* _Task brief_: Please print the line that holds "El Ayuntamiento de" and each line after it to the end of the data, word for word, without any pictures.

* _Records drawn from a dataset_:
%%

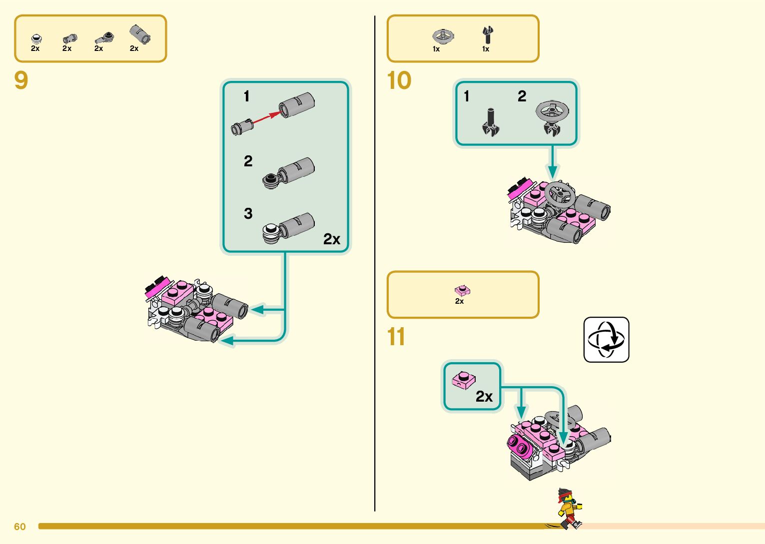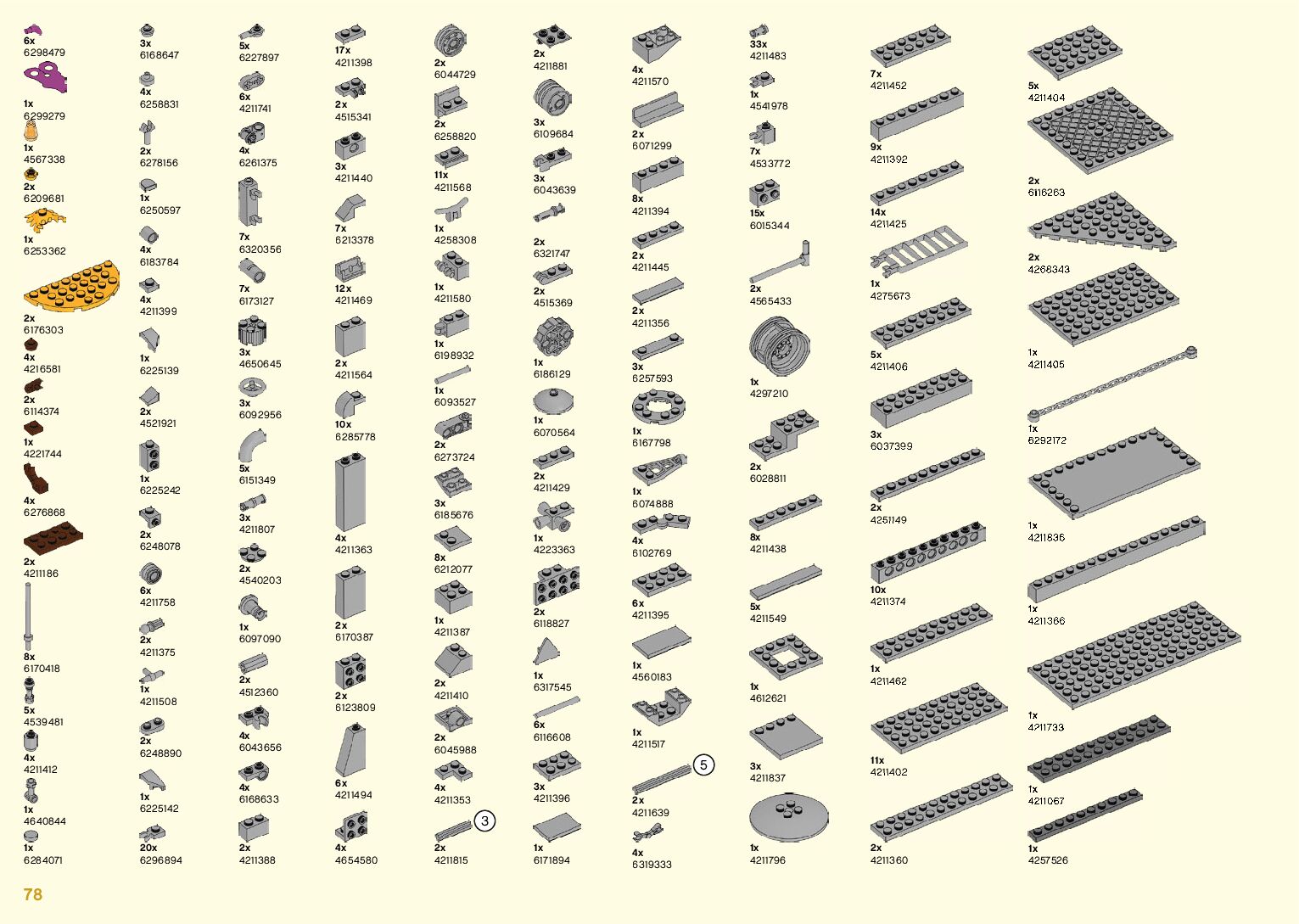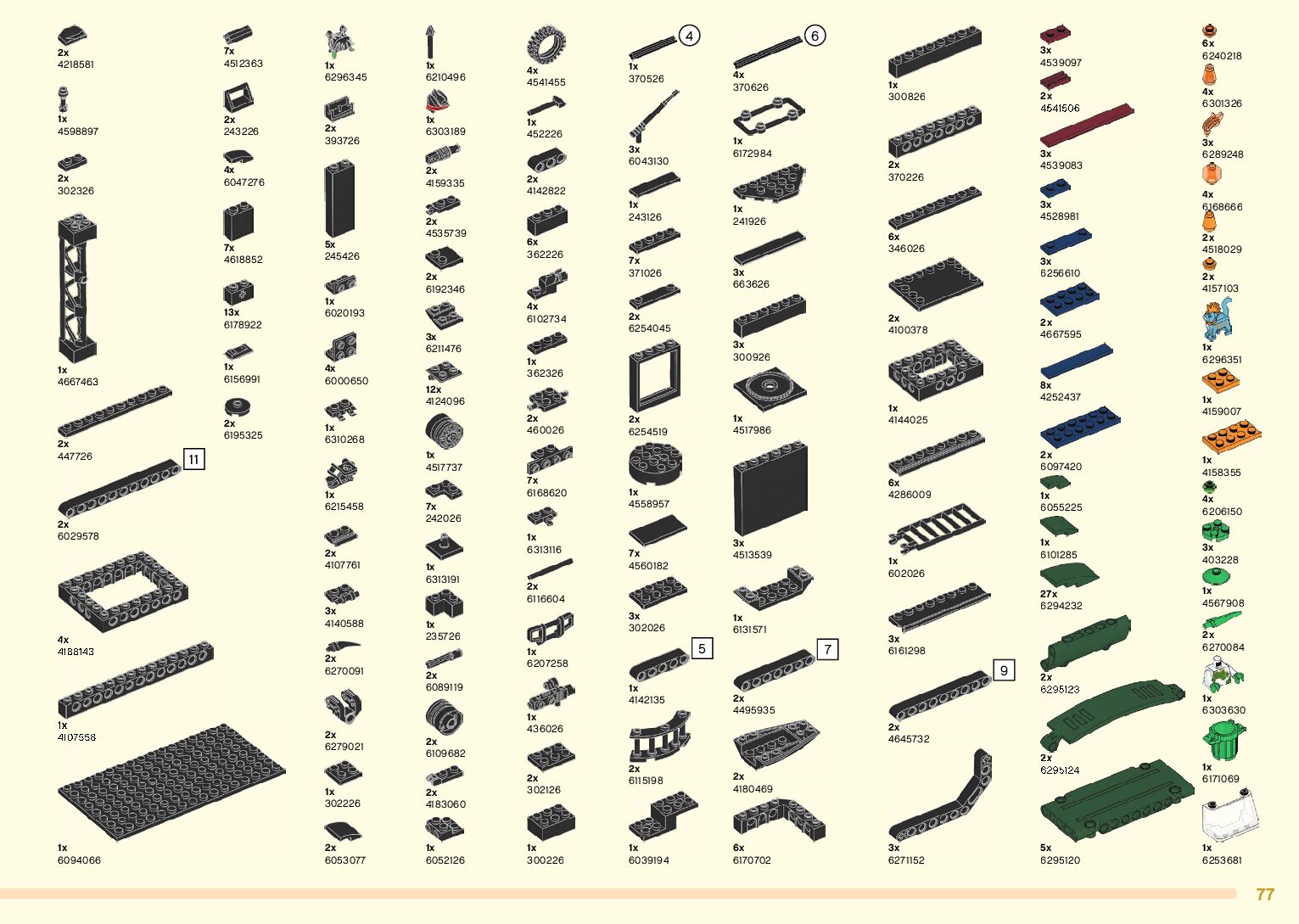 The assembly guide is prepared in a very understandable way for children and adult LEGO enthusiasts. A total of 556 picture galleries are shown, explaining the step-by-step construction stages for 5 different structures.
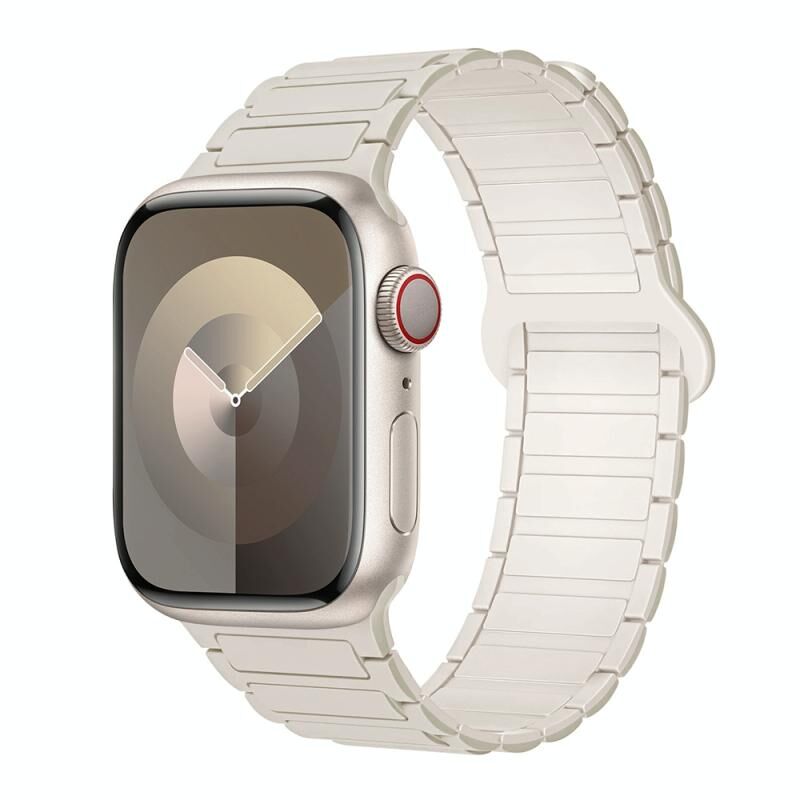 Για Apple Watch Series 7 41mm Μαγνητικό Λουράκι Σιλικόνης σε Σχήμα "I" (Λευκό Αστρόφωτο)
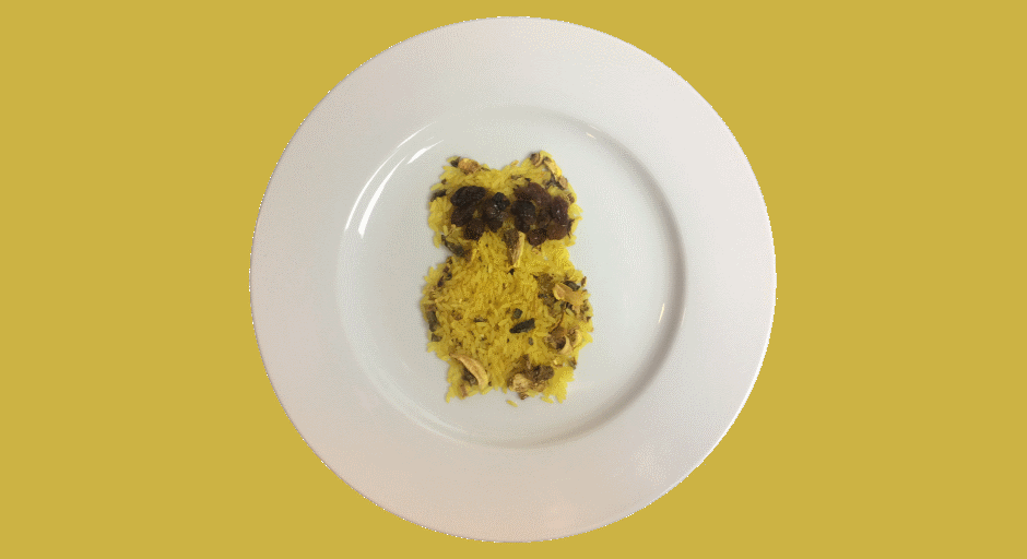 Das Risotto habe ich, wie auf der Packung empfohlen, bei der Zubereitung noch um Rosinen, geröstete Pinienkerne, einen Stich Butter und Parmesan ergänzt und – damit es ein bisschen kreativer ist – dem Kochwasser einen guten Schuss Weißwein beigegeben.
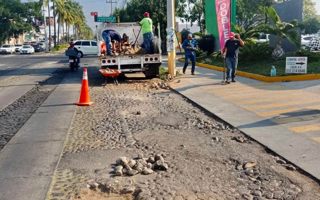 El Ayuntamiento de Colima informa a la ciudadanía que la cuadrilla de bacheo llevó a cabo trabajos de empedrado sobre la Avenida Constitución, como parte de la campaña permanente de mantenimiento a vialidades que se implementa en distintos puntos del municipio, por encomienda del presidente municipal, Riult Rivera.
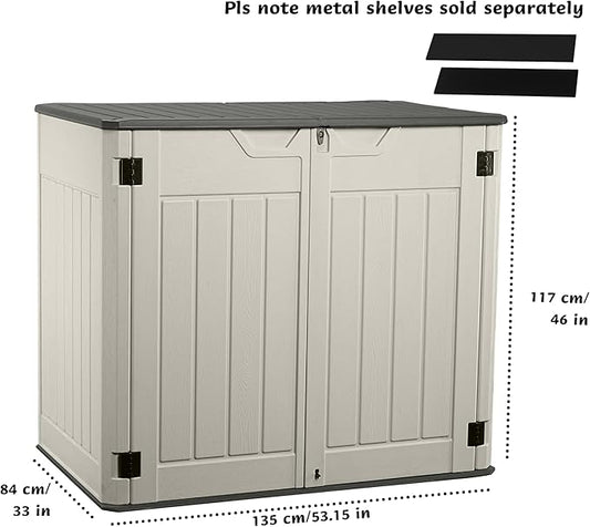 Horizontal Resin Storage Shed, 47 Cuft Garden Tool Sheds & Outdoor Storage, Outdoor Plastic Storage Cabinet Waterproof, 4.5 x 2.8 ft Backyard Outside Lawn Mower Storage Shed, Vanilla
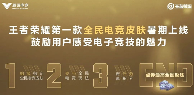 要说买皮肤返点券,也跟这个全民电竞要出的开黑皮肤有关了。参加这个活动主要分为三个步骤,首先玩家需要个购买指定的全民电竞皮肤,然后再参加全民电竞这个玩法,通过这个活动做任务赚取积分,最后通过获取的积分来决定返还多少点券,最高是可以全部返还的,也就是说参与活动的话,是可以白嫖到全民电竞这款皮肤的。
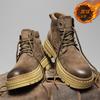 Martin Boots Men's Autumn British Retro Leather Heightening Locomotive Leather Boots Sports Big Head High Top Boots Velvet
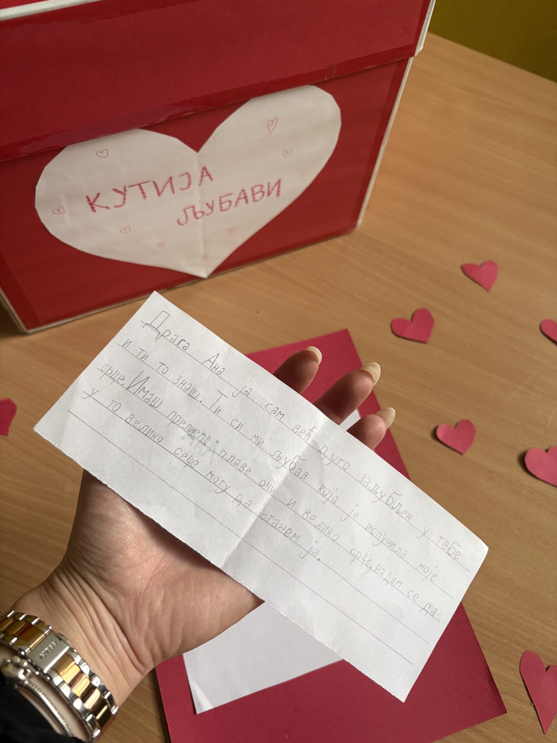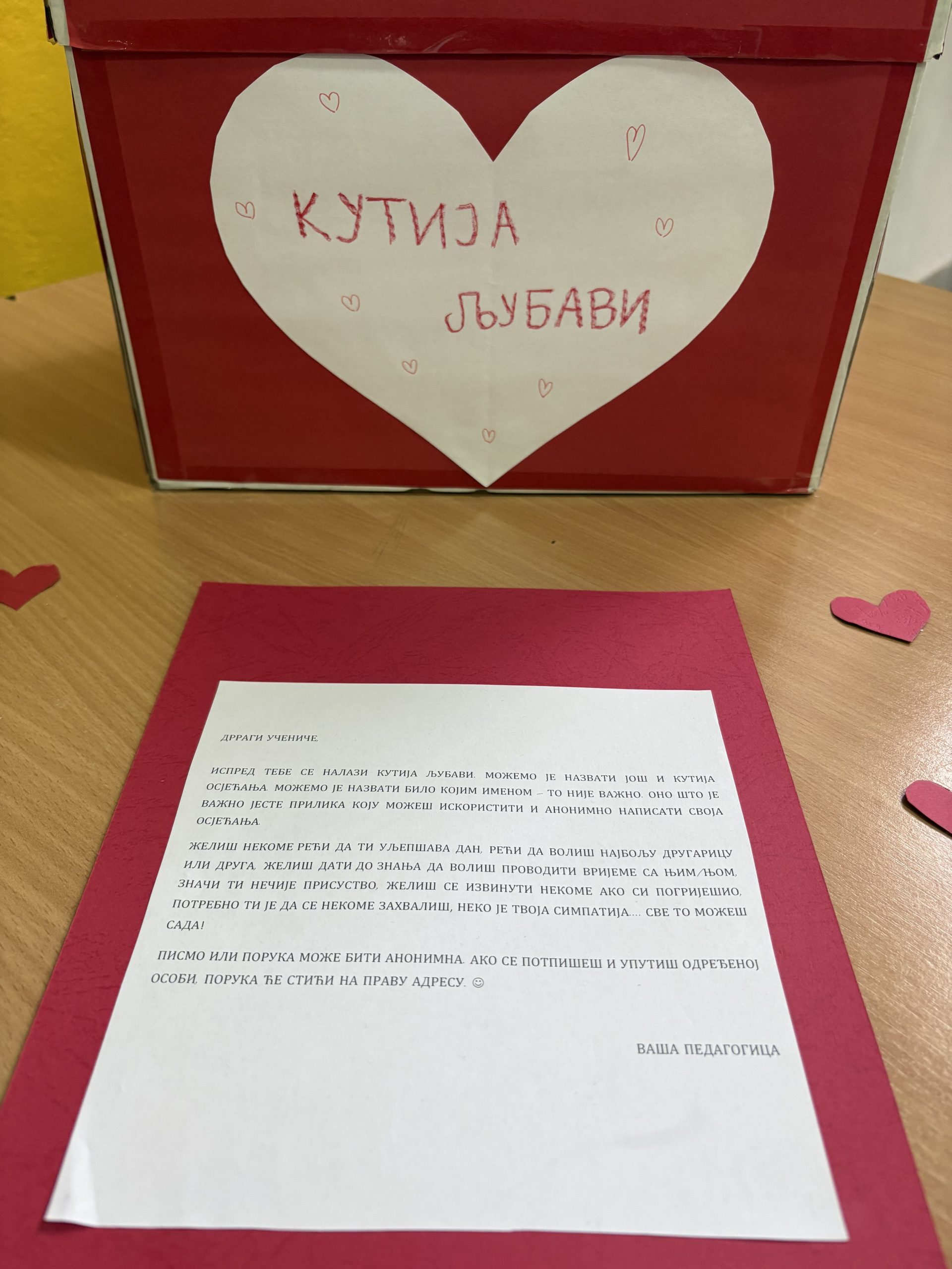 Ових дана у нашој школи љубав је у ваздуху. Не она велика и гласна, већ она тиха – у осмијеху, лијепој ријечи, загрљају и подршци пријатељу. „Кутија љубави/осјећања“ је мјесто гдје ученици могу оставити поруку захвалности, пријатељства, охрабрења или лијепу мисао некоме ко им значи. Јер љубав није само ријеч – она је пажња, доброта и емпатија коју дијелимо сваки дан. Нека наша школа буде мјесто гдје се одјећања његују, а лијепе ријечи шире као најљепши поклон.

%%

* _Exercise output_:
 El Ayuntamiento de Colima informa a la ciudadanía que la cuadrilla de bacheo llevó a cabo trabajos de empedrado sobre la Avenida Constitución, como parte de la campaña permanente de mantenimiento a vialidades que se implementa en distintos puntos del municipio, por encomienda del presidente municipal, Riult Rivera.
 Horizontal Resin Storage Shed, 47 Cuft Garden Tool Sheds & Outdoor Storage, Outdoor Plastic Storage Cabinet Waterproof, 4.5 x 2.8 ft Backyard Outside Lawn Mower Storage Shed, Vanilla
 要说买皮肤返点券,也跟这个全民电竞要出的开黑皮肤有关了。参加这个活动主要分为三个步骤,首先玩家需要个购买指定的全民电竞皮肤,然后再参加全民电竞这个玩法,通过这个活动做任务赚取积分,最后通过获取的积分来决定返还多少点券,最高是可以全部返还的,也就是说参与活动的话,是可以白嫖到全民电竞这款皮肤的。
 Martin Boots Men's Autumn British Retro Leather Heightening Locomotive Leather Boots Sports Big Head High Top Boots Velvet
 Ових дана у нашој школи љубав је у ваздуху. Не она велика и гласна, већ она тиха – у осмијеху, лијепој ријечи, загрљају и подршци пријатељу. „Кутија љубави/осјећања“ је мјесто гдје ученици могу оставити поруку захвалности, пријатељства, охрабрења или лијепу мисао некоме ко им значи. Јер љубав није само ријеч – она је пажња, доброта и емпатија коју дијелимо сваки дан. Нека наша школа буде мјесто гдје се одјећања његују, а лијепе ријечи шире као најљепши поклон.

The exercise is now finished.